Die vertragliche Situation – Partner in den Mietvertrag aufnehmen

Erteilt der Vermieter seine Zustimmung, gibt es mehrere Möglichkeiten, wie die neue Situation mietvertraglich geregelt werden kann:

Der Partner wird in den Mietvertrag aufgenommen 
Das ist sicherlich die einfachste Variante. Der Partner wird vom Vermieter in den Mietvertrag aufgenommen und ist im Anschluss gleichberechtigter Hauptmieter. Das hat den Vorteil, dass der Partner nun genauso haftbar gemacht werden kann. Das ist beispielsweise bei Mietrückständen sinnvoll, da die Verantwortung sonst alleine beim bisherigen Hauptmieter liegt. 

Der Partner wird Untermieter
Mit dem bisherigen Hauptmieter wird ein eigener Untermietvertrag abgeschlossen. Der Partner ist also nicht nur selbst Hauptmieter, sondern wird auch gleichzeitig selbst Vermieter. 

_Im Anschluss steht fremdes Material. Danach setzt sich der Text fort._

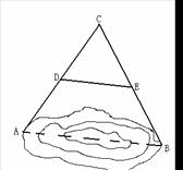 点C,找到AC,BC的中点D、E,并且测得DE的长
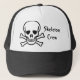 Great for "Talk LIke a Pirate Day" on September 19th! A pirate's skull and crossbones marks the front of this hat along with the words, "Skeleton Crew." Is it really true that there are undead pirates who turn into skeletons in the moonlight? Hats are available in a variety of styles and colours.
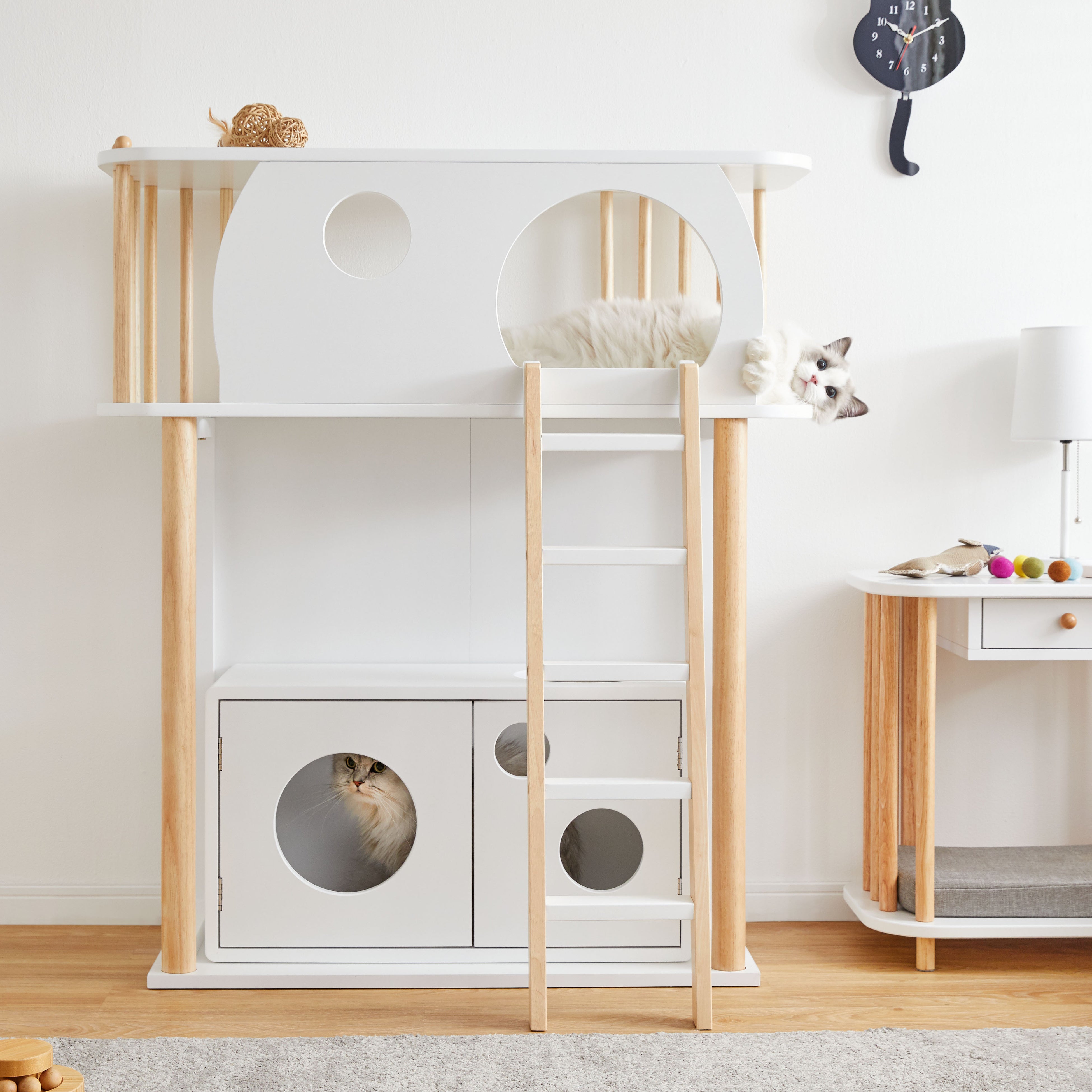 部屋の景観をお洒落に保ちつつ、猫トイレの「あるある」を解決する収納付きトイレ。用を足している猫をこっそりのぞける横穴付き。
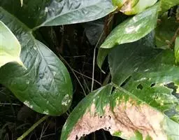 在炎热的夏季,或久雨初晴后的晴好天气,或长时间搁放于室内刚搬到室外进行恢复性养护的盆栽植株,直接暴露在阳光下直晒,很容易造成其肥嫩叶片被灼伤,致使其叶片部分失绿泛白,或整个叶片被灼伤,坏死部分后期变褐发黑。
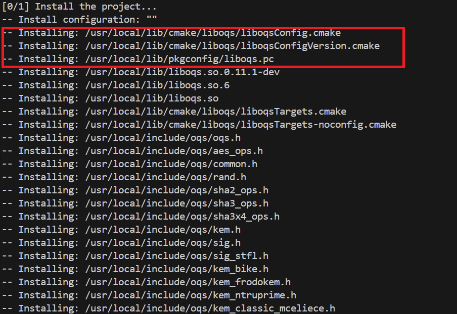 이러면 알아서 liboqs 다운로드 및 설치, oqs-provider 까지 다 설치 해준다.
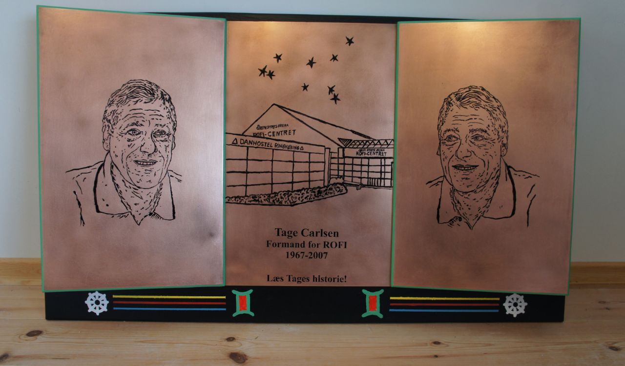 Leo Andersens kunstværk af Tage Carlsen, før det blev hængt op på sin blivende plads i ROFI-Centrets foyer. Værket, der er lavet i kobber, symboliserer, at Tage var født i Tvillingernes tegn. I midten en stregtegning af ROFI-Centret, som blev til med ham som primus motor. I bunden af billedet er der symboler på ”fødsel” og ”død” og med livslinjer imellem i forskellige farver. |
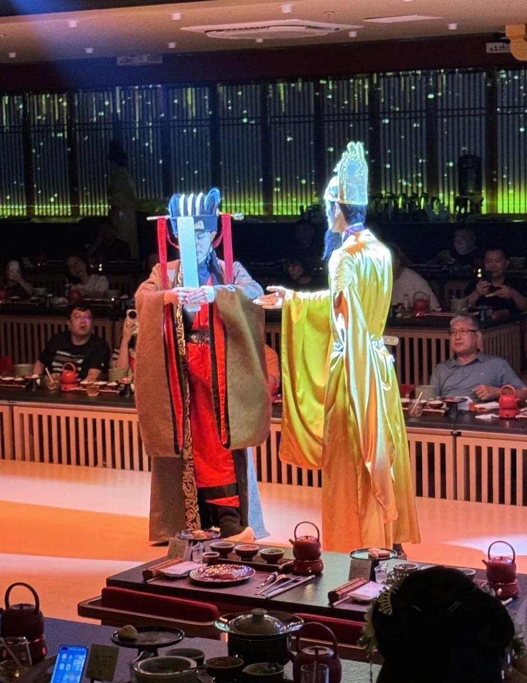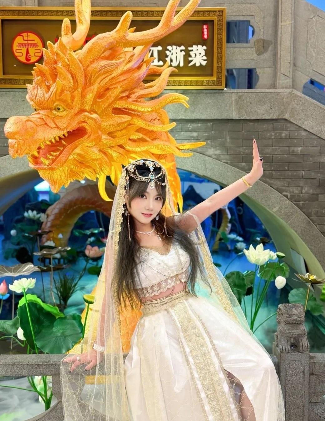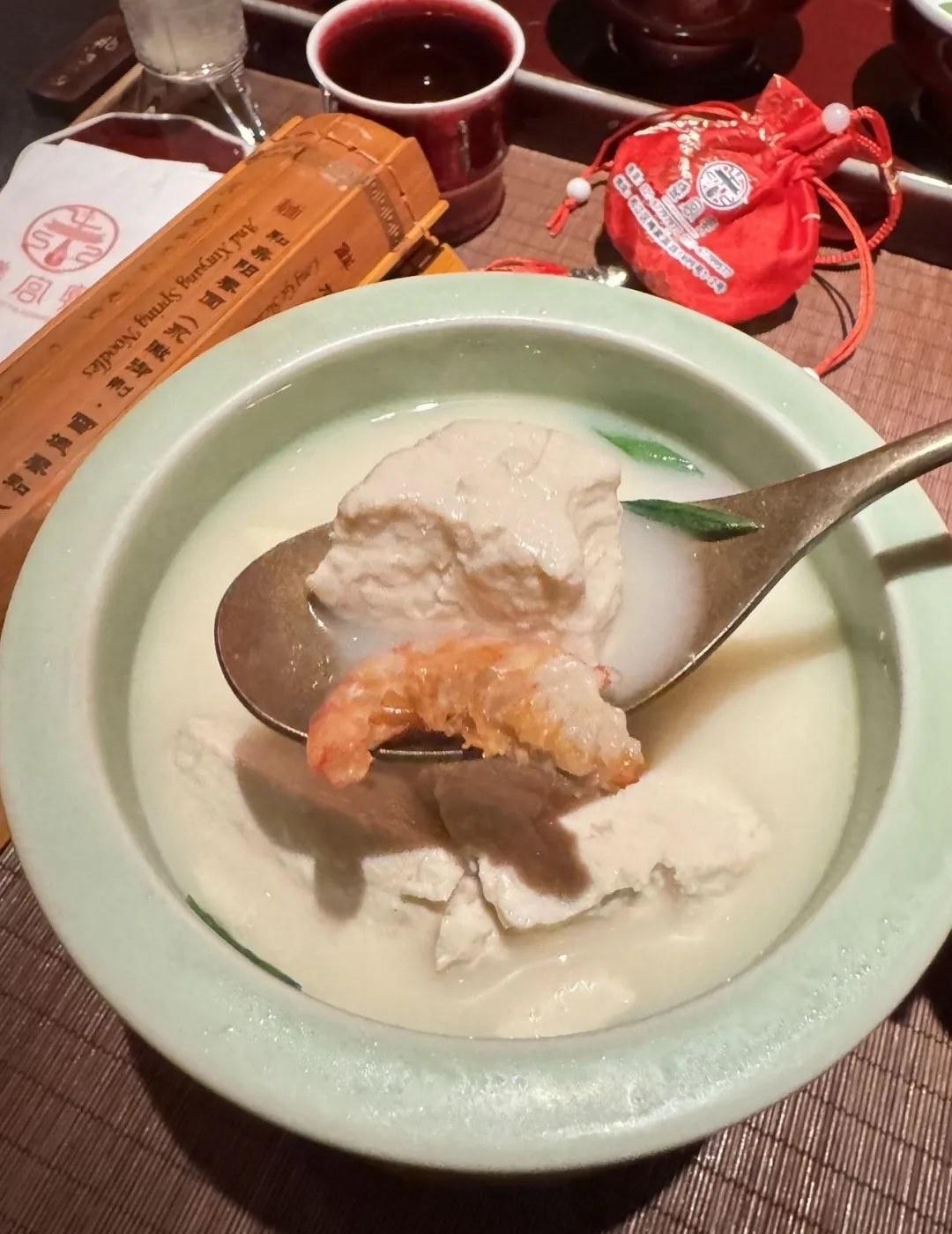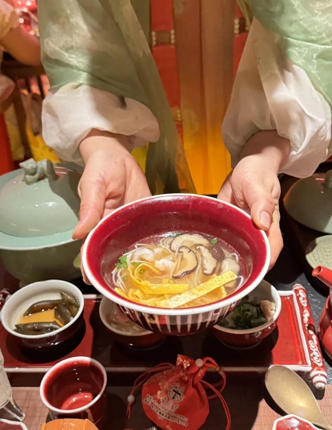 谁懂啊!在松江逛街被朋友拉进一家店,推开门直接懵了——满店的唐风装饰,连店员都穿得像从仕女图里走出来的,这哪是吃饭,明明是闯进了盛唐宫廷宴啊!✨ 进店第一要务必须是选汉服! 不是那种敷衍的款式,架子上挂满了精致的襦裙、披风,我一眼挑中了西域风的,花纹和配饰都超细节。化妆师小姐姐手也太巧了吧,花钿一贴、头饰一戴,对着镜子直接“哇塞”出声,随便找个角落拍拍也很出片哦!📸 宫廷美点三福 里面的贵妃虾滑荔枝真的绝了——外壳是清甜的荔枝味,咬开瞬间爆汁,虾滑的鲜裹着果香,这一口下去,终于懂了“一骑红尘妃子笑”的快乐,根本停不下来! 龙舌牛肉粒 直接戳中本帮胃!甜口的做法特别地道,肉质嫩到轻轻一嚼就化,甜而不腻,连吃三颗都没够,配米饭能炫半碗! 龙舸蒸黄鱼 端上来的时候还冒着热气,鱼肉剥下来是完整的蒜瓣状,入口超嫩滑,鲜味儿直往喉咙里窜,吃的时候连汤汁都想舔干净,鲜到眉毛都要飘走了~ [心]最绝的是边吃边能看表演!七幕剧轮番上,帅哥美女载歌载舞,有的讲丝路故事,有的演宫廷趣事,眼睛和嘴巴根本忙不过来,这顿饭吃得比看秀还过瘾🎭 现在已经开始盼着生日了——必须再来这儿过!想体验“穿越”的宝子听我的,这种神仙地方,真的会N刷! 🏡店名:盛宫宴(上海首店)

Keine vertragliche Regelung
Wird keine vertragliche Regelung getroffen, kann das sowohl für den Partner (als alleinigen Hauptmieter) als auch für den Vermieter nachteilig sein. In diesem Fall haftet der Hauptmieter alleine und der Vermieter kann, zum Beispiel bei Mietrückständen, auch nur den Hauptmieter in Haftung nehmen. 

Kann der Vermieter die Miete erhöhen?

Wohnen mehr Personen in der Wohnung, erhöhen sich in aller Regel auch die Neben- oder Betriebskosten, da der Verbrauch steigt. In § 553 BGB wird dem Vermieter zugesichert, die Miete zu erhöhen, wenn ihm ansonsten die zusätzliche Überlassung der Wohnung nicht zuzumuten wäre. Mit einer Erhöhung der Kaltmiete müssen Sie im Normalfall aber nicht rechnen, höhere Nebenkosten sind dagegen fast unvermeidlich.

Wann wird aus einem Besucher ein Bewohner?

Als Mieter dürfen Sie grundsätzlich so viel und so oft Besuch empfangen wie Sie möchten. Dafür müssen Sie auch keine Erlaubnis des Vermieters einholen. Die Gäste dürfen selbstverständlich auch bei Ihnen übernachten. 

Hier gibt es allerdings auch eine Grenze: Diverse Gerichtsurteile haben festgelegt, dass ab einer Spanne von sechs Wochen am Stück, die eine Person in der Wohnung lebt, der Vermieter in jedem Fall nachfragen darf, ob es sich noch um Besuch und nicht um eine Untervermietung handelt. 

Die zulässige Besuchsdauer wird spätestens ab einer Dauer von drei Monaten in jedem Fall überschritten. In einem solchen Fall gilt der Aufenthalt aus rechtlicher Sicht als Untervermietung.